Today, Haga has a population of about 4,000 people (4,093 at 2006), a much smaller population compared to 15,000 people one hundred years ago – an indication of the gentrification the district has gone through.

Haga is also a parish with the same borders as the city district. It is, areawise, the smallest parish in Sweden.

==History==
The district was first established in the mid-17th century by Queen Kristina, making it Gothenburg's first suburb. Originally, it was decreed that, since the district was outside the city walls, the area could be demolished in the event that the land was needed by the crown or in case of a threatening siege. In the 1690s, this rule was applied and 34 houses of the district were demolished in order to build a covered causeway, caponier, from the city walls to the fortress of Skansen Crown.

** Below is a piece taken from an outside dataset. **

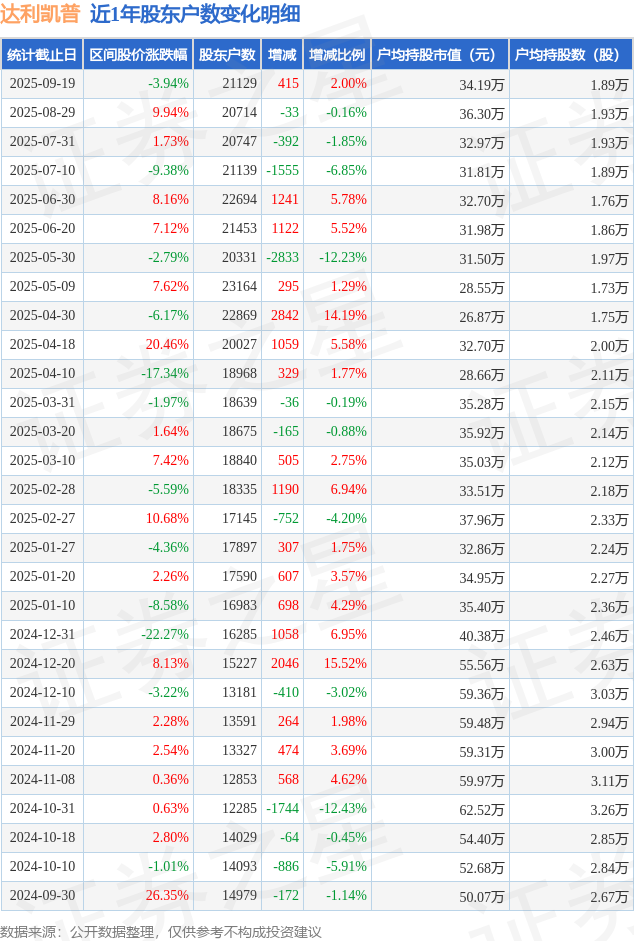 从股价来看,2025年8月29日至2025年9月19日,达利凯普区间跌幅为3.94%,在此期间股东户数增加415.0户,增幅为2.0%。

It was not until the 1840s that new industries were established in Gothenburg, which led to an influx of workers into Haga, creating the first worker's district in the area. This led to a housing shortage during the 1870s and the establishment of additional worker's districts to accommodate the rapid growth of the city. In the 1920s, after extensive expansion of the district, the population of the area began a decline. Many public works in the area were closed and it became a primarily residential area.

A redevelopment plan drawn up in 1962 for Gothenburg, which again included the demolition of buildings in the district. This led to the founding of the Haga Group, in 1970, which strove to preserve the original architecture of the area. Between 1973 and 1977, demolition work decreased due to the pressure of the locals. This also moved the authorities to help restore some of the buildings which were already in disrepair.

==In popular culture==
Haga is the main setting of the television sitcom Albert & Herbert. The series, which ran from 1974 to 1982, is about two scrap-dealers who live in a dilapidated house in the district.